Received: 28/03/2022
Accepted : 25/07/2022
In Press: 31/08/2022
Published: 03/05/2023

Abstract

OBJECTIVES:
To determine the frequency of synovitis and calcium pyrophosphate deposition (CPDD) with ultrasound (US) in the wrists of transfusion dependant (TD) beta-thalassaemia patients and to investigate the associated factors with these pathologies.
METHODS:
Eighty-seven beta-thalassaemia patients (46 thalassaemia major and 41 thalassaemia minor patients) were grouped into two as TD and transfusion non-dependent (TND)-thalassaemia patients. Under bilateral wrist US the presence of synovial hypertrophy (SH), power Doppler signal (PD) combined synovitis (SH+PD), tenosynovitis, and triangular fibrocartilage complex (TFC)-cartilage calcification (CC) were examined.

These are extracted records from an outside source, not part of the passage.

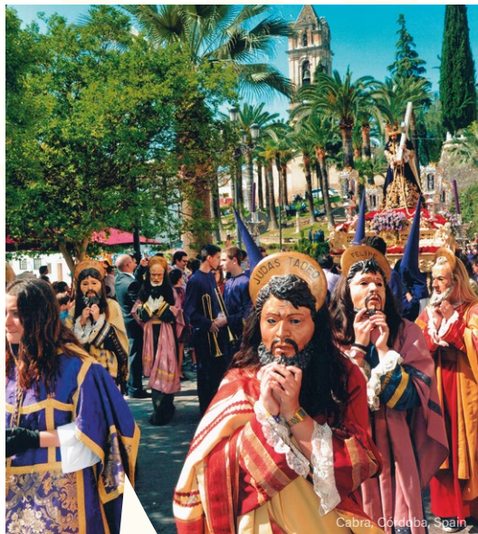
Cabra, Córdoba, Spain

Around these places, religious corporations were born (brotherhoods and sisterhoods), which were responsible for organising devotional manifestations that have evolved over time, and that take on a larger dimension during Lent and the Holy Week. For this very reason, it is possible to observe a geographical area where a number of cultural manifestations coexist in Europe: a diversity of ways for communities to experience the traditions of the Holy Week and Easter.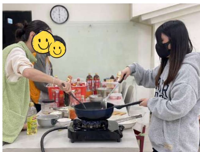
陪讀班學生晚餐時間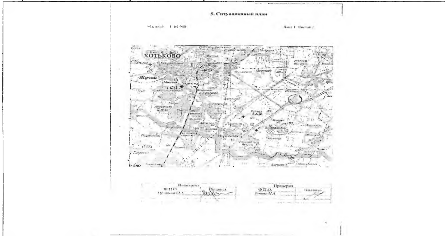
Схема расположения объекта недвижимого имущества на земельном(ых) участке(ах):

SH, PD, and combined synovitis in the US were classified as Grade-0 (no), Grade-1 (minimal), Grade-2 (moderate), and Grade-3 (severe).
RESULTS:
The incidence of moderate/severe SH, PD, and combined synovitis with US was 34.8%, 17.4%, and 34.8% in TD-thalassaemia patients, respectively, but none in TND patients (p<0.001, p=0.006, p<0.001). The frequency of TFC-CC with US was 32.6% in TD and 2.4% in TND-thalassaemia patients (p<0.001). Ferritin level was positively correlated with SH (r=0.414, p<0.001), PD (r=0.279, p=0.009) and combined synovitis scores (r=0.402, p<0.001). Ferritin level (OR:1.001, CI:1.000-1.002) and the presence of TFC-CC (OR:25.048, CI:5.187-120.951) were determined as to be associated with moderate/severe combined synovitis.
CONCLUSIONS:
The presence of synovitis and TFC-CC with the US is common in patients with beta-thalassaemia who have had recurrent blood transfusions. Iron overload in beta-thalassaemia patients may cause CPDD and synovial inflammation.